Cirrhosis represents the final stage of chronic liver disease, being characterized by advanced fibrosis, architectural distortion of the liver, and regenerative nodule formation [1].,2Cirrhosis predominates in men in the seventh decade of life and is most commonly caused by alcohol-related liver disease (ALD), chronic hepatitis B and C, and metabolic dysfunction-associated steatotic liver disease (MASLD) [3–5].

Cirrhosis can be classified as compensated or asymptomatic with a median survival since diagnosis close to 12 years, or decompensated, defined by the presence of ascites, variceal bleeding, hepatic encephalopathy, hepatocellular carcinoma (HCC) or other complications of the disease, with a median survival under 1.5 years [6–8].

According to the Global Burden of Disease (GBD) study in 2017, cirrhosis affected nearly 123 million people globally, with an approximate prevalence of 1.6 % [9]. In 2019, cirrhosis and other chronic liver diseases worldwide [10], caused more than 1.5 million deaths. By 2021, it represented the twelfth leading cause of global deaths [11].

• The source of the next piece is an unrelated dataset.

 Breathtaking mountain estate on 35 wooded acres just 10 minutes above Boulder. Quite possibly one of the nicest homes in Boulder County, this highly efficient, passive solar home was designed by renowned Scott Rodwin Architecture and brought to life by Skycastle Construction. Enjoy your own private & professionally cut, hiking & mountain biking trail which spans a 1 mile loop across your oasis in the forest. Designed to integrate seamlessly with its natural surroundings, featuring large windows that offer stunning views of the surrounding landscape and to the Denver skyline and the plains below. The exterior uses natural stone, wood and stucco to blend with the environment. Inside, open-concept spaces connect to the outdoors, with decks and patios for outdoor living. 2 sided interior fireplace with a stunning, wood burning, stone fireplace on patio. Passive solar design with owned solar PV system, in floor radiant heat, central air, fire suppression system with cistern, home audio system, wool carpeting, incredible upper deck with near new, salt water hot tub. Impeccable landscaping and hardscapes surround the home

Prevalence data for Latin America are scarce, but isolated studies on its etiology have identified ALD and chronic hepatitis C virus (HCV) infection, as being the leading causes of cirrhosis. ALD has been described as the main cause in Brazil, Chile, Argentina, Ecuador, and Peru, with percentages ranging between 37 to 63 % [12–16]. Conversely, HCV was the main etiology in two studies from Colombia and Mexico, with percentages of 28 % and 36 %, respectively [17,18]. Although there is little information regarding the current situation in South America, the remarkable increase in obesity and diabetes in recent decades may have modified the most frequent etiologies occurring in this region.

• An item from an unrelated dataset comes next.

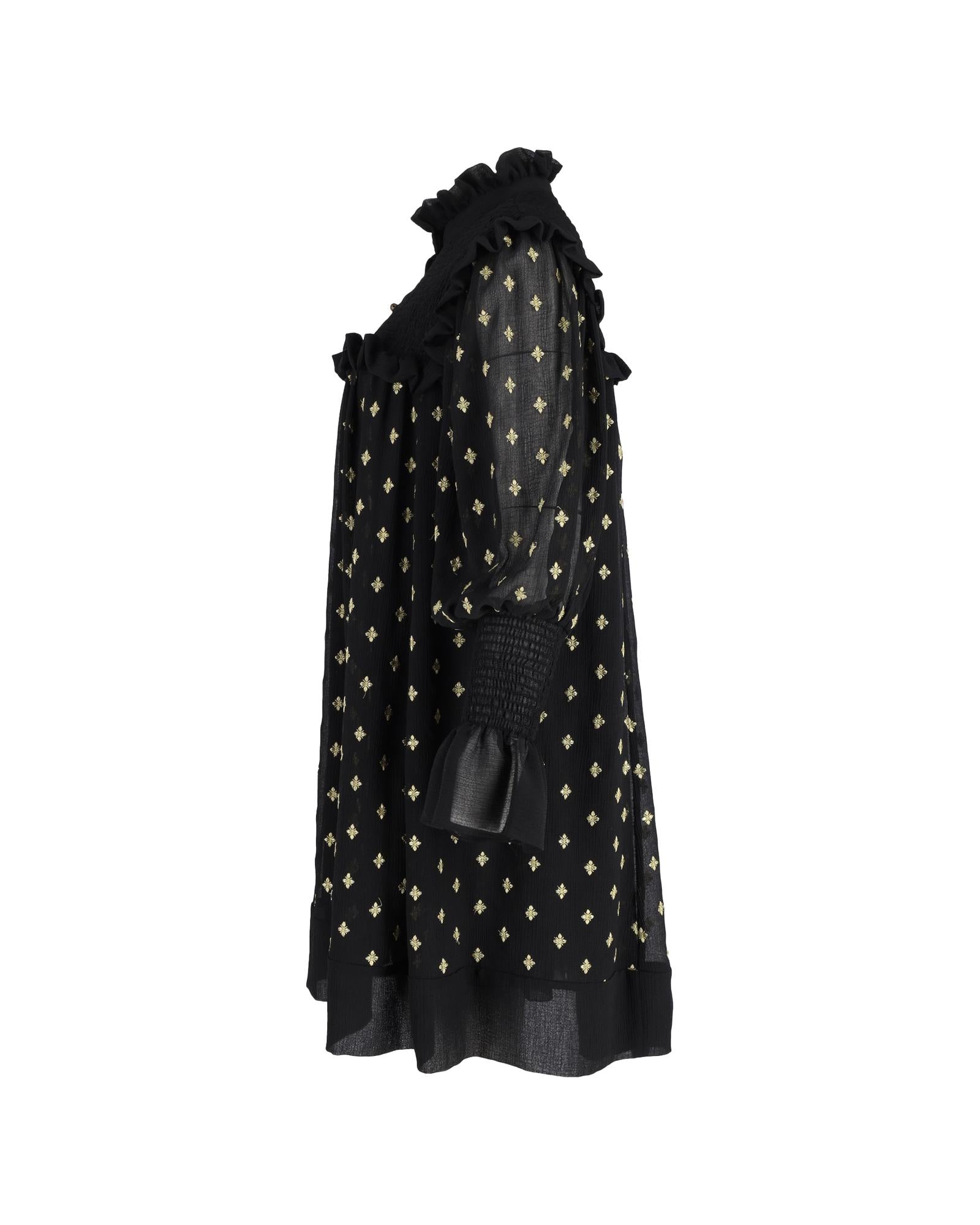 - Delicate ruffled neckline adds a touch of whimsy

Obtaining a better understanding of the current scenario of cirrhosis in South America is of great significance for promoting public health policies to address different currently unmet needs with respect to cirrhosis in the region. Therefore, the South American Liver Research Network (SALRN) performed this study with the aim of describing the main characteristics of cirrhosis in the current scenario in a multicenter cohort.

2Methods2.1Study design

we conducted a retrospective cohort study including 11 centers from 6 South American countries: Argentina, Brazil, Colombia, Chile, Ecuador, and Peru. The inclusion criteria were patients with a confirmed diagnosis of cirrhosis, older than 18 years at diagnosis, and with at least two follow-up clinic visits. Exclusion criteria were incomplete data or an unconfirmed cirrhosis diagnosis. The principal investigators at each center identified patients with either a recent diagnosis of cirrhosis or a prior diagnosis that met the inclusion criteria. Their clinical, demographic, laboratory, imaging, and endoscopic data were systematically recorded using a study-specific template designed in REDCap© by the University of Minnesota [19,20], while maintaining patient anonymity.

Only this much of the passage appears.